Вообще эта тема нехарактерна для творчества Жуковского: в том же 1801 году в стихотворении «Человек» высказаны идеи прямо противоположные:

    В страданиях своих ты небо укоряешь —
    Творец твой не тиран: ты страждешь от себя;
    <…>
    Ужели ты один, природы царь избранный,
    Краса всего, судьбой забвен?

    Познай себя, познай! <…>
    Все бедствия твои — мечты воображенья;
    Оружия на них судьбой тебе даны! [I, 51]

В этих стихах заметно влияние масонского учения, особенно в призыве «Познай себя, познай!». Но для товарища Жуковского эти убеждения так же неприемлемы, как «пассивность» Карамзина, против которой Тургенев выступил в своей «Элегии»:

    Напрасно хочешь ты, о добрый друг людей,
    Найти спокойствие внутри души твоей;
    <…>
    Но бедствий ближнего со всех сторон свидетель,
    Не будет для тебя блаженством добродетель!

На наш взгляд, колебания поэтического мировоззрения Жуковского еще раз подтверждают зависимость его перевода от идей Андрея Тургенева.
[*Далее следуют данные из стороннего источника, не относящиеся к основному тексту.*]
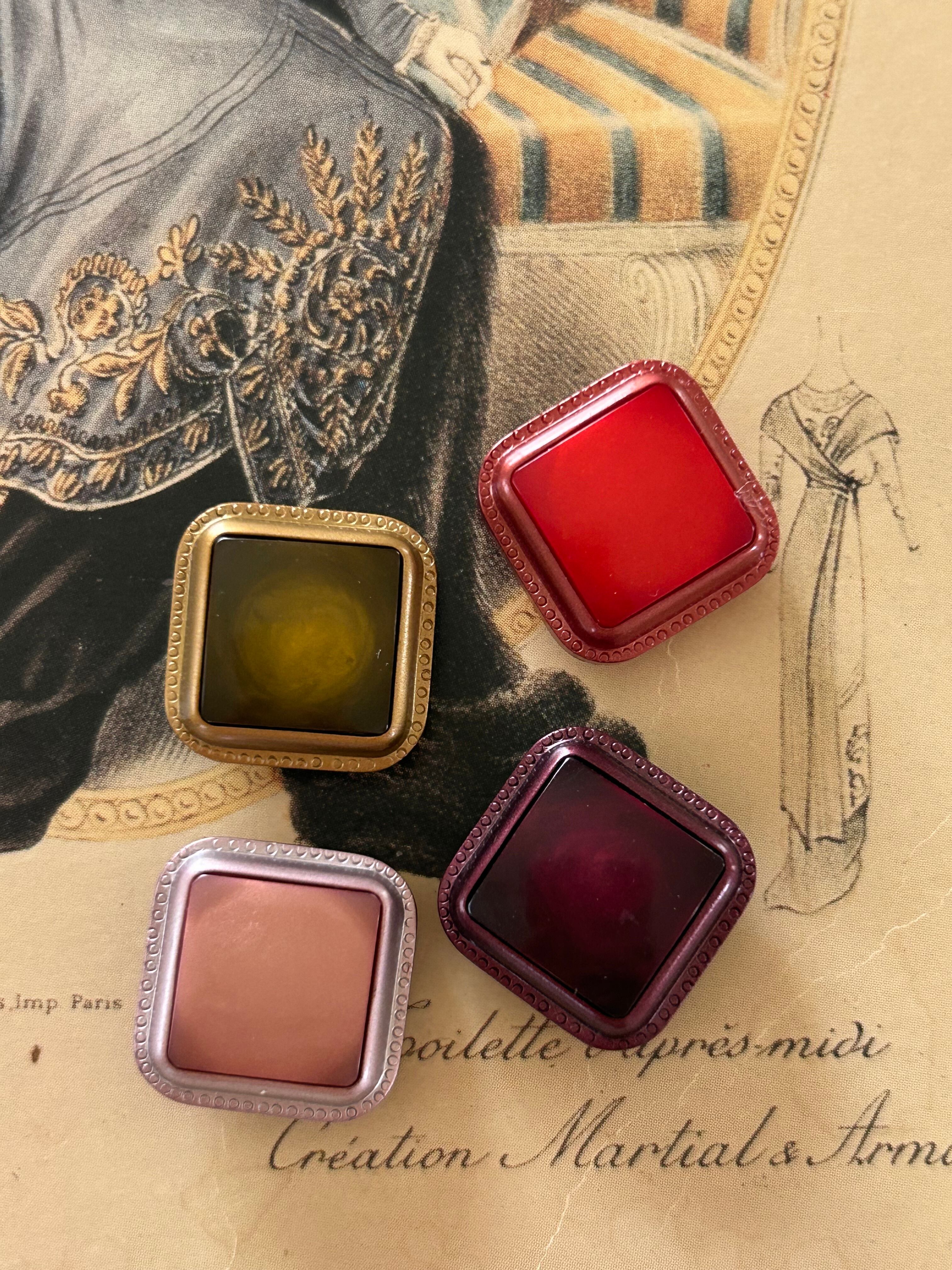 お洋服のボタンの付け替えには勿論のことアクセサリーパーツとして、カルトナージュのデコレーション材になど様々な用途でお役立て下さいませ。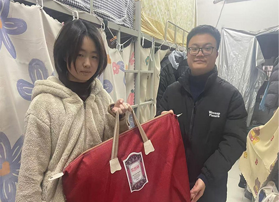 座谈会尾声,龙犇用“感恩、励志、奋斗”三个关键词,为同学们送上了真挚的寄语,激励大家在学业道路上勤奋刻苦、砥砺前行,不断提升自身综合素质,努力追求卓越,以优异的成绩回报社会与国家的培育之恩。学院领导给同学们分发了冬天御寒物资等慰问品,并合影留念。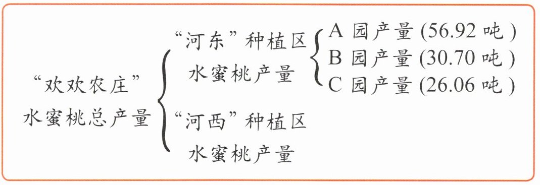 b.已知“欢欢农庄”水蜜桃总产量为$226$吨,“河东”种植区产量为$113.68$吨,那么“河西”种植区的水蜜桃产量等于总产量减去“河东”种植区的产量,即:$226 - 113.68 = 112.32$(吨)。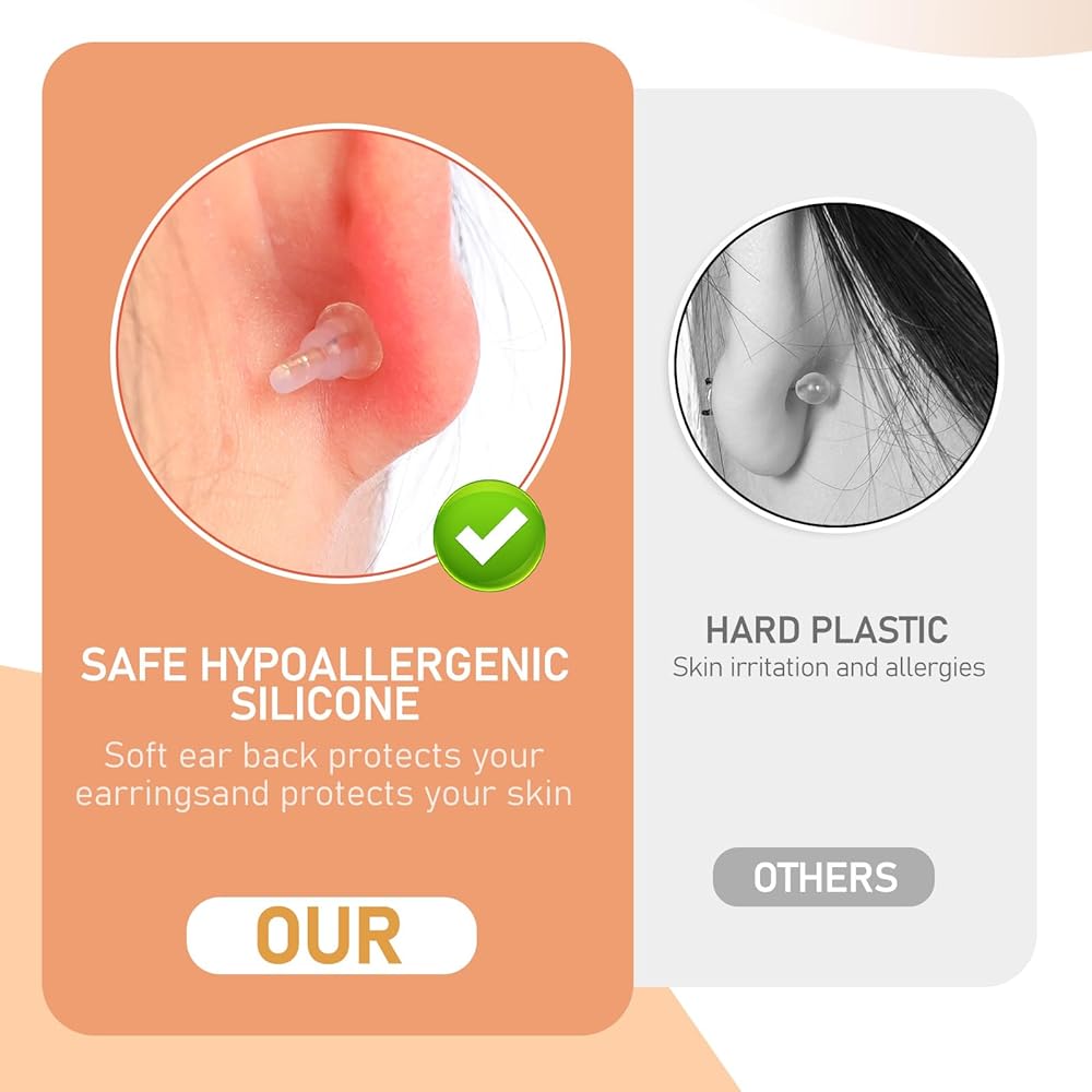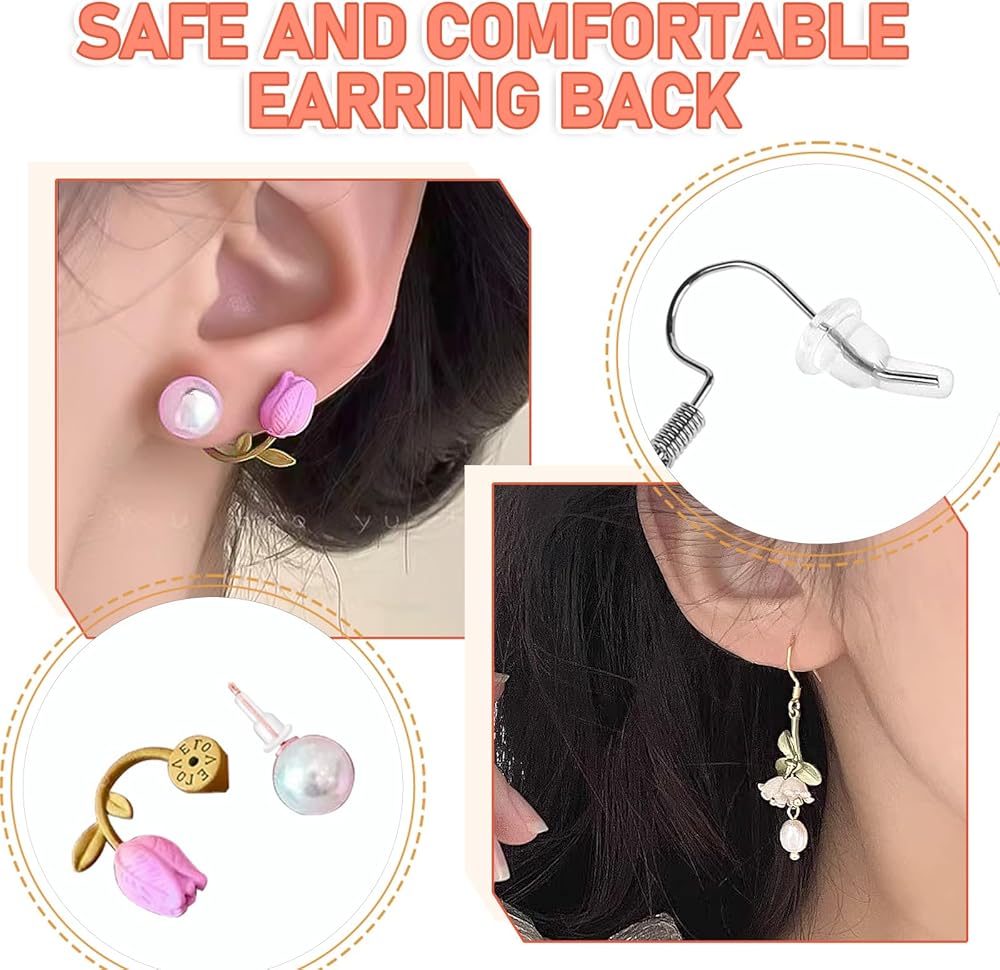 • silicone earring backs: Made from high-quality silicone. The soft and flexible material ensures a comfortable fit, making them ideal for daily wear. The silicone design also provides a secure grip, preventing your earrings from slipping or falling out

Известно стихотворение А. Тургенева, созданное, видимо, в непосредственной связи с окончанием «Элегии». В нем полемика с карамзинской идеологией становится основным содержанием:

    Ты добр! Но пред тобой несчастный, угнетенный,
    Невинный к небесам возносит тяжкий стон.
    Злодей, и в почести, и в славу облеченный,
    Сияющий в крестах, веру, и закон
    В орудие злодейств своих преобращает.
    Нет правосудия, защиты нет нигде,

    Земные боги спят в беспечности…
    И самый гром небес на время умолкает.
    Ищи же счастья здесь, о добрый друг людей,
    Ищи его себе…30

Текстуальные и идеологические совпадения с фрагментом «Элегии» здесь очевидны: именование адресата «добрый друг людей», негативная оценка «индивидуального счастья», социальные инвективы. Это стихотворение — парное по отношению к тургеневской «Элегии». Констатируя его антикарамзинскую направленность, мы хотели бы отметить важную деталь: «анти-жукoвская» направленность текста, видимо, еще более актуальна для автора. Ю. М. Лотман высказал предположение, что стихотворение было написано в связи с полемикой внутри Дружеского общества, начавшейся с возражений Мерзлякова на речь Жуковского «О счастии»31. Действительно, Жуковский высказывает в ней карамзинистские идеи о субъективности представлений человека о счастье и проповедует отказ от социальной активности. Эти идеи отвечают внутреннему складу личности Жуковского.
В 1800–1802 годах он служит в Соляной конторе, и служба заканчивается отставкой — неизбежной по внутренним причинам. Ср. его дневниковые записи 1804 года:

    <…> степени пользы, которую можешь делать, служа, не одинаковы. Ты должен быть долго орудием, исполнителем чужой воли, чтобы получить наконец свою волю действовать. Есть места такие, в которых ты можешь совсем не действовать или, что все равно, действовать бесполезным образом. <…> Польза есть цель службы; кто неспособен к ней достигнуть, тот не служи и выбери для себя круг теснейший, цель ближайшую и вернейшую» [Жуковский 1902: XII, 120].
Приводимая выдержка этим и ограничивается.